Run a multi-turn chat loop against the engine and return a
`%ALLM.ChatResult{}`. See spec §4 and §10.5.

`thread_or_messages` is either an `%ALLM.Thread{}` or a list of
`%ALLM.Message{}` (normalised via `ALLM.Thread.from_messages/1`). The
thread is validated via `ALLM.Validate.thread/1` at entry. Pure
one-line delegation to `ALLM.Chat.run/3`; see that module for the
full multi-turn loop semantics, the seven-entry terminal-condition
ordering, and the `%ChatResult{}` shape.

## Mode

  * `:auto` (default) — the loop executes tool calls automatically.
    Each step appends tool-result messages to the thread before the
    next adapter call.
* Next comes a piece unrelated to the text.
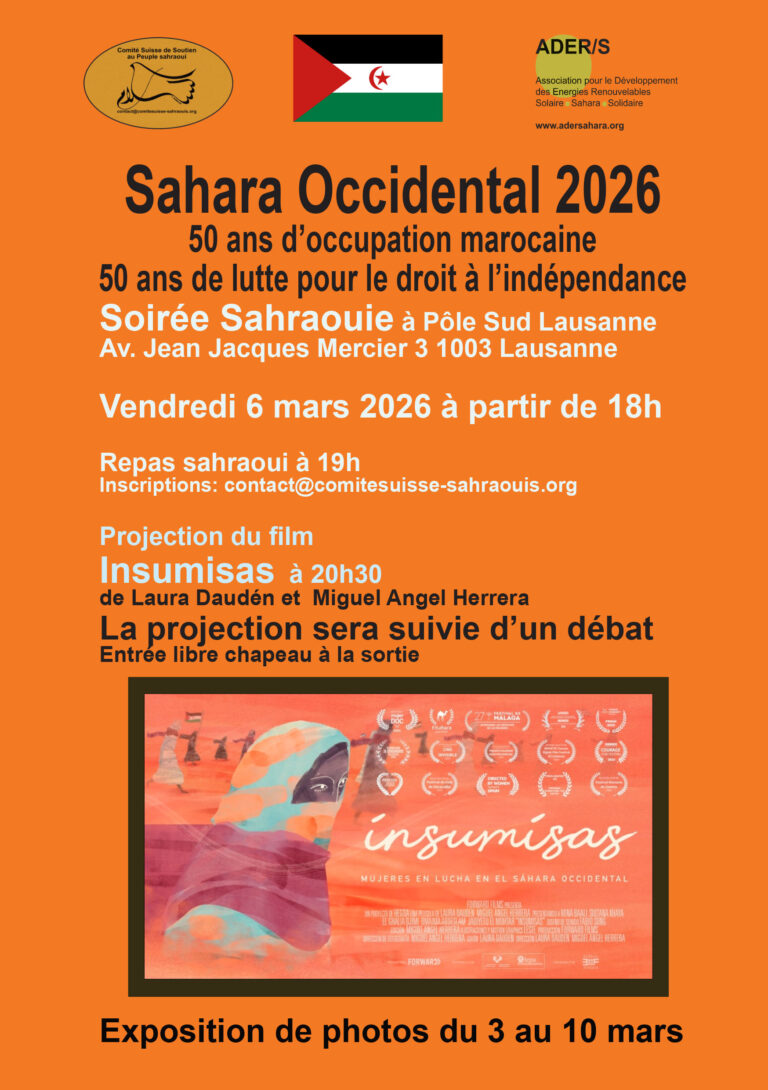 20h30 - Projection du filme INSUMISAS Dès 21h00 Présentation de la situation géopolitique actuelle des Sahraouis vous sera présentée par Omeima Abdeslam ancienne représentante du Front Polisario à Genève,

Halt reasons follow the table below.
  * `:manual` — the FIRST step whose response carries
    `finish_reason: :tool_calls` halts with `halted_reason:
    :manual_tool_calls`. The caller submits tool results via a fresh
    `chat/3` call with the augmented thread (no executor runs).
    Pure-text steps under `:manual` continue normally.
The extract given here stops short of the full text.